YUKOS officials say the company's financial performance, buoyed by skyrocketing oil prices, has not waned since Mr. Khodorkovsky was arrested. Last month, Yukos reported that its oil output rose 9.3 percent in the first quarter, compared with the corresponding period of 2003.
"I don't think there has been any material impact on the bottom line," Bruce Misamore, Yukos's chief financial officer, said of Mr. Khodorkovsky's absence. He added that Mr. Khodorkovsky's managerial talents were missed, but that Yukos had a "very strong remaining management team."
In January, Yukos reported net income of about $3.5 billion for the nine months ended Sept. 30, 2003, an increase of 71 percent from the period a year earlier. Since January, Yukos has not publicly posted earnings that conform with American accounting standards, prompting analysts in Moscow to question exactly how the company is deploying its ample resources - especially in light of its contention that its inability to make the $3.4 billion tax payment will force it into bankruptcy.
Yukos made dividend payments of about $2 billion to its investors last year, cash that went to major shareholders like Mr.
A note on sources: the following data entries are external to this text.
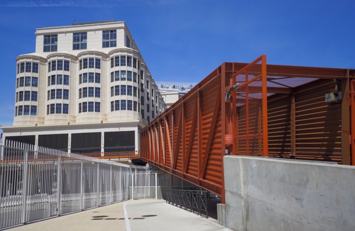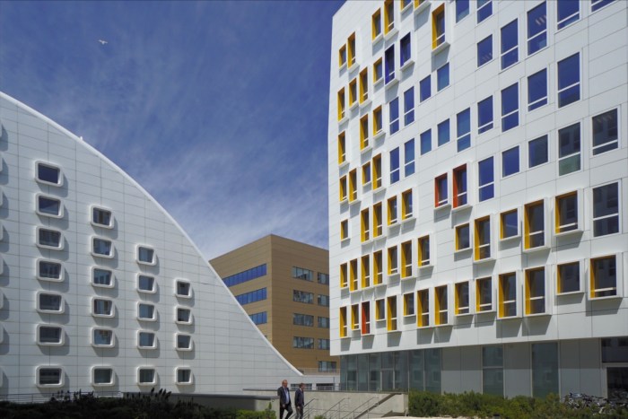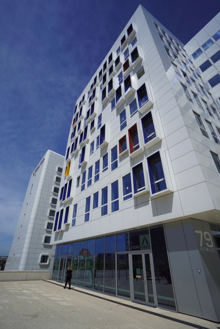 Direkt gegenüber auf der anderen Straßenseite steht ein fast 100 Jahre altes Ensemble aus ehemaligen Getreidesilos im Art-Déco-Stil. Was tun mit diesen zum Teil fensterlosen, runden Dingern, wenn der Denkmalschutz ein strenges Auge auf die Umgestaltung wirft? Nun, für Wohnungen und Büros kam der geschlossene Teil des Gebäudes jedenfalls nicht in Frage. Hat man eben einen Konzertsaal mit 2.200 Sitzplätzen daraus gemacht! Der andere Teil (siehe Fotos) wurde in Büroräume umgewandelt und der Zugang über eine originelle Rampe gewährleistet.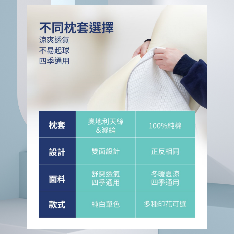 - 材質:100%可水洗枕芯(聚氨酯),抗菌防蟎內套(聚酯纖維),枕套(全棉+聚脂纖維)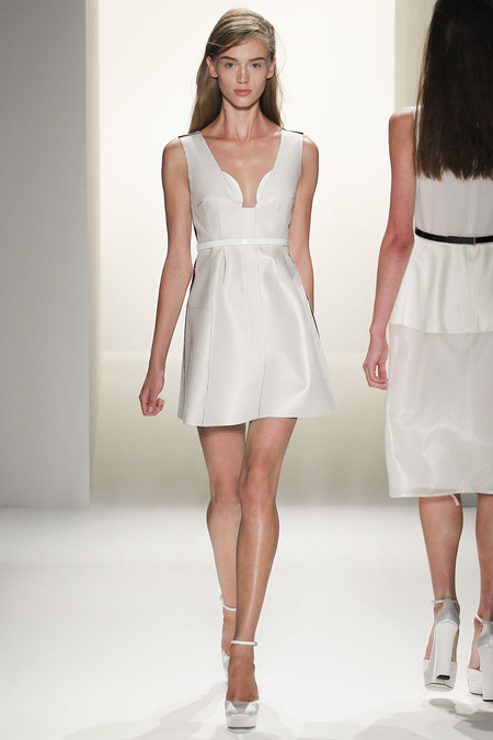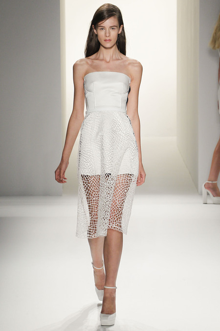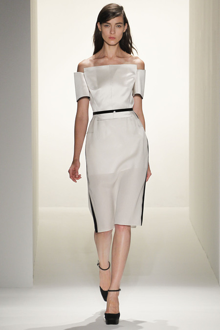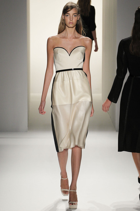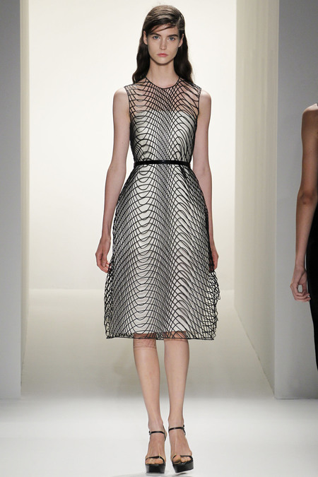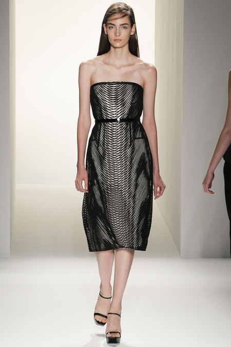 Ngoài mục đích tôn vinh nét duyên trong hình thức , Francisco Costa còn muốn tôn vinh vẻ đẹp trí tuệ của phụ nữ và anh đã chọn những cách thức thể hiện rất độc đáo cho thông điệp này của mình: sử dụng dải lưới màu đen trên nền váy trắng để tạo hiệu ứng thị giác ảo ảnh, những đường viền ngực theo dạng đồ thị parabol… Ứng dụng hình học trong thiết kế váy tạo nên sự bất ngờ trong từng bộ trang phục.

Khodorkovsky. Yukos also recently paid a bank consortium an undisclosed portion of a $2.6 billion loan, about $1.6 billion of which was guaranteed by Group Menatep, an investment vehicle controlled by Mr. Khodorkovsky and other financiers.
Group Menatep owns about 44 percent of Yukos's shares, and the loan repayment, which tapped into cash that otherwise might have gone toward the disputed tax payments, benefited Mr. Khodorkovsky and other Yukos insiders.
"In the event that cash flows could not be properly accounted for, questions could arise as to whether or not Menatep was seeking to strip as much cash as possible from Yukos, an asset which it justifiably believes itself to be in immediate danger of losing," Eric Kraus, a financial analyst at Sovlink Securities, said in a June research report. "If so, the complex web of trading companies which still reportedly handles Yukos's oil sales would provide an ideal vehicle for diversion of cash flows."
MR. MISAMORE disputed that any cash was being drained from Yukos, describing it as "absolutely false" speculation. Although he declined to provide details of the loan repayments to Group Menatep, he said Yukos had about $1 billion in cash reserves. He said Yukos could meet the tax payment if the government allowed it to sell some assets. But if Mr. Putin stays true to his word that he does not wish to see Yukos bankrupt, then the Russian government may wind up with a large stake in Yukos.
James Fenkner, research director at Troika Dialog, a brokerage firm in Moscow, said that the Russian government controls only about 5 percent of the country's oil concerns. By comparison, he said, oil assets in OPEC countries are completely state-owned, as are oil interests in Mexico.
Such a small government presence in the oil industry makes Russia the exception among emerging-market economies, he said.
"This all goes back to Anatoly Chubais and the need to privatize everything immediately," Mr. Fenkner said. "There was an incredible concentration of wealth in a very short period of time in a society that regards itself as egalitarian. The quick-and-dirty method of privatization has had its negative ramifications."
For Mr. Khodorkovsky, who raked in riches faster than anyone else, that has meant trading his executive suite for a cage in court.